Start of The data

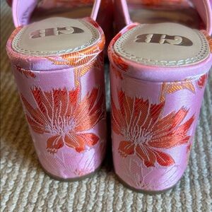 New Gianni Bini Platform Pink Floral Mules with Embellished Buckle size 7/7.5
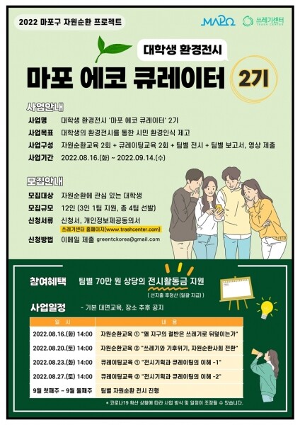 박강수 마포구청장은 “환경교육도 받고 내 손으로 직접 전시도 기획해볼 수 있는 이번 프로그램에 많은 관심 부탁드린다”며 “앞으로도 지속 가능한 마포로 나아가기 위해 구민이 공감할 수 있는 체험 위주의 환경 관련 프로그램을 운영할 예정”이라고 전했다.
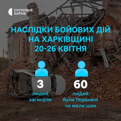 З 20 по 26 квітня на Харківщині внаслідок російських атак загинули троє людей, ще 60 звернулися по допомогу до медиків внаслідок поранень чи гострої реакції на стрес. Серед цих людей були евакуйовані жителі Куп'янська: вони були поранені 29 березня, але змогли отримати допомогу лікарів лише зараз.
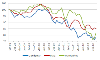 - Os valores absolutos da Maia e Matosinhos têm-se aproximado bastante nos últimos meses. De facto, se considerarmos o valor 100 em 2008, comparativamente, os preços em Matosinhos tiveram uma queda superior;

End of The data

Assigned task - Copy the listing above verbatim; the pictures it contains are to stay out.

Exercise response -
 New Gianni Bini Platform Pink Floral Mules with Embellished Buckle size 7/7.5
 박강수 마포구청장은 “환경교육도 받고 내 손으로 직접 전시도 기획해볼 수 있는 이번 프로그램에 많은 관심 부탁드린다”며 “앞으로도 지속 가능한 마포로 나아가기 위해 구민이 공감할 수 있는 체험 위주의 환경 관련 프로그램을 운영할 예정”이라고 전했다.
 З 20 по 26 квітня на Харківщині внаслідок російських атак загинули троє людей, ще 60 звернулися по допомогу до медиків внаслідок поранень чи гострої реакції на стрес. Серед цих людей були евакуйовані жителі Куп'янська: вони були поранені 29 березня, але змогли отримати допомогу лікарів лише зараз.
 - Os valores absolutos da Maia e Matosinhos têm-se aproximado bastante nos últimos meses. De facto, se considerarmos o valor 100 em 2008, comparativamente, os preços em Matosinhos tiveram uma queda superior;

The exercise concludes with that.